Fig. S5. PCA showing the relationship between Mota and contemporary Ethiopian populations. Components were loaded on contemporary Ethiopian populations using ~480k SNPs, with Mota projected on these dimensions.

His mtDNA haplogroup is L3x2a (table S3), described by Behar 2008 in Ethiopia and the Arabian peninsula (but most likely original from The Horn) and his Y-DNA one is E1b1 (table S4), a major African haplogroup, most likely original from the same Upper Nile region, with some offshoots in West Eurasia.

He did not carry any known allele for lactase persistance (table S13) but he was homozygous for three alleles that seem to confer altitude adaptation (resistance to hypoxia, table S14). 

He had brown eyes and dark or black hair, skin color determination was inconclusive (the matter is still ill-understood) but he did not carry any European alleles associated with lighter pigmentation, so most likely he was black (or, with more chromatic descriptive precision, brown).

Neanderthal admixture testing

This seems to be the detail that most strongly supports the thesis of the study: Mota is even less akin to Neanderthals than modern Africans. From article S11:
The two African genomes, Yoruba and Mbuti, also have slightly positive D values, indicating that they are slightly more similar to Neanderthal than Mota is. This result is likely driven by the West Eurasian component found in modern Africans.
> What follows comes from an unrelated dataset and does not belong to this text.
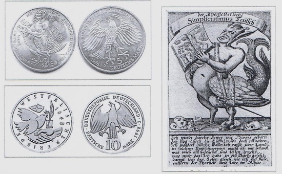 Das von Reinhard Heinsdorff geschaffene Fünf-Mark-Münze von 1976 zum 300. Todestag des wohl bedeutendsten deutschen Dichters der Barockzeit, Hans Jacob Christoph von Grimmelshausen, bedient sich einer bewährten Bildvorlage, nämlich eines aus Mensch, Vogel und Fisch bestehenden Fabelwesens, das den Betrachter grinsend anschaut und ihm ein aufgeschlagenes Buch zeigt. Andere Münzdesigner verwendeten damals die gehörnte Gestalt mit dem teuflischem Pferdefuß, aber auch einen sich über den Erdball erhebenden Pegasus sowie einige auf den Autor und sein Werk weisende Symbole wie Narrenkappe, Schwert, Dreschflegel, Rosenkranz sowie Tintenfass und Schreibfeder.

However when we look at the raw data (table S9), we can see that, while the Yoruba Neanderthal admixture estimate is slightly larger than the error margin, the Mbuti one is markedly smaller, so we can still consider the latter to be effectively zero or at the very least negligible. 

This is potentially contradictory with the alleged 6-7% West Eurasian admixture that the study claims for Mbuti (table S5), which would be almost the same as that of Yorubas (7-8%), so I think that there is something not properly pondered and that, while Yorubas may have some (very minor?) West Eurasian admixture, the case for the Mbuti is very much suspect of false positive caused by confounding factors, such as ill understood ancient African diversity. 
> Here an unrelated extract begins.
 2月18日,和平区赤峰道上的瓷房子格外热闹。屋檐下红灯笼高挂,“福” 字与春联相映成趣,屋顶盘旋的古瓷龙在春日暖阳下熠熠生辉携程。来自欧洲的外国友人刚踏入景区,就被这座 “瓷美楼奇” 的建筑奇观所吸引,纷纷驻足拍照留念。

Most strange is the case of Khoisan populations. While two of them (Nama and Khomani) do seem to have clear Eurasian admixture, as they stick up well above the average, several others (Xun, Juhoansi or GuiGhanaKgal) are very low when using Yoruba as reference and the tiny bit can be attributed to the pull effect caused by the mere fact that Yoruba and Khoisan are very different populations, which diverged (at least in the essentials) even before the Out-of-Africa migration took place. I strongly suspect that this confounding factor is also at play when comparing with Mota and even more strongly so, because Mota quite obviously lacks the later intra-African partial homogenization tendency caused by migrations such as the Nilotic or Bantu ones. 
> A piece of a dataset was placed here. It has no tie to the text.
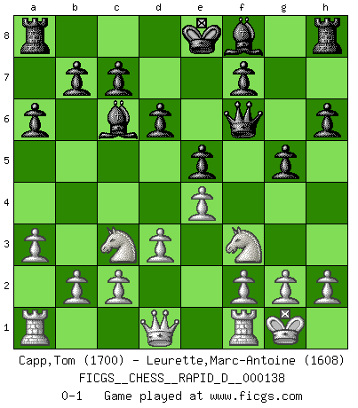 Last move : 0-1 2021 April 4 9:10:7 [Event "FICGS__CHESS__RAPID_D__000138"] [Site "FICGS"] [Date "2021.02.20"] [Round "1"] [White "Capp,Tom"] [Black "Leurette,Marc-Antoine"] [Result "0-1"] [WhiteElo "1700"] [BlackElo "1608"] 1.e4 e5 2.Nf3 Nc6 3.Bb5 Nf6 4.d3 d6 5.Nc3 Bd7 6.Bg5 h6 7.Bxf6 Qxf6 8.a3 a6 9.Bxc6 Bxc6 10.O-O g5 0-1 This chess game has been lost on time (started : 2021.02.20 16:9:18) Ruy Lopez : Berlin defense Kingside Castling by player White (move 10) Player Black won this chess game. Follow this game move after move (download)The battle for the ultimate truth will never be won. And that's why Chess is so fascinating. (Hans Kmoch) Ich verstehe mehr vom Schach als irgendein anderer lebender Meister. (José Raúl Capablanca) En manos de Fischer's, una diminuta ventaja teórica es tan buena como tener una Reina de ventaja. (Isaac Kashdan) Il vaut toujours mieux jouer un plan faux de façon logique que de n'avoir pas de plan du tout. (Victor Kortchnoï) Those parts of the system that you can hit with a hammer (not advised) are called hardware; those program instructions that you can only curse at are called software. (Anonymous)

Fig. S7. Maps showing the proportion of West Eurasian ancestry in African populations. The proportion of West Eurasian ancestry calculated using either (A), Druze. λMota,Druze, or (B), LBK, λMota,LBK, as a source, and Mota as the non-admixed African reference in both cases.

Early European farmers or...?

Sure, among the tested populations, Sardinians are the best apparent matches for the source of the alleged Eurasian admixture in Africa (tables S6 and S7). But next in line are Belorussians and Lithuanians, what is a bit perplexing, because in the European analyses these are two completely opposite poles along the PC1. Basques and Russians however are surprisingly bad matches, with French, Italian, Spaniards, etc. being in between. 

Among ancient populations, Stuttgart (LBK) appears as a good match when using a Yoruba reference but not so good when using a Mbuti one. Inversely, Lochsbour (Epi-Magdalenian) looks a very bad match when using Yoruba but a bit better when using Mbuti. As Mbuti seem still to be a more clear outgroup than Yoruba, I think that table S7 holds preference over S6. 

Hence I'd rather discard that the source of the apparent Eurasian admixture is LBK-like. However Sardinians (or a similar ancient population) are a better candidate. But what about Belorussians and Lithuanians, whose scores are also very high? Perplexing.

So basically I have all kind of doubts and I look forward to further research that may clarify them.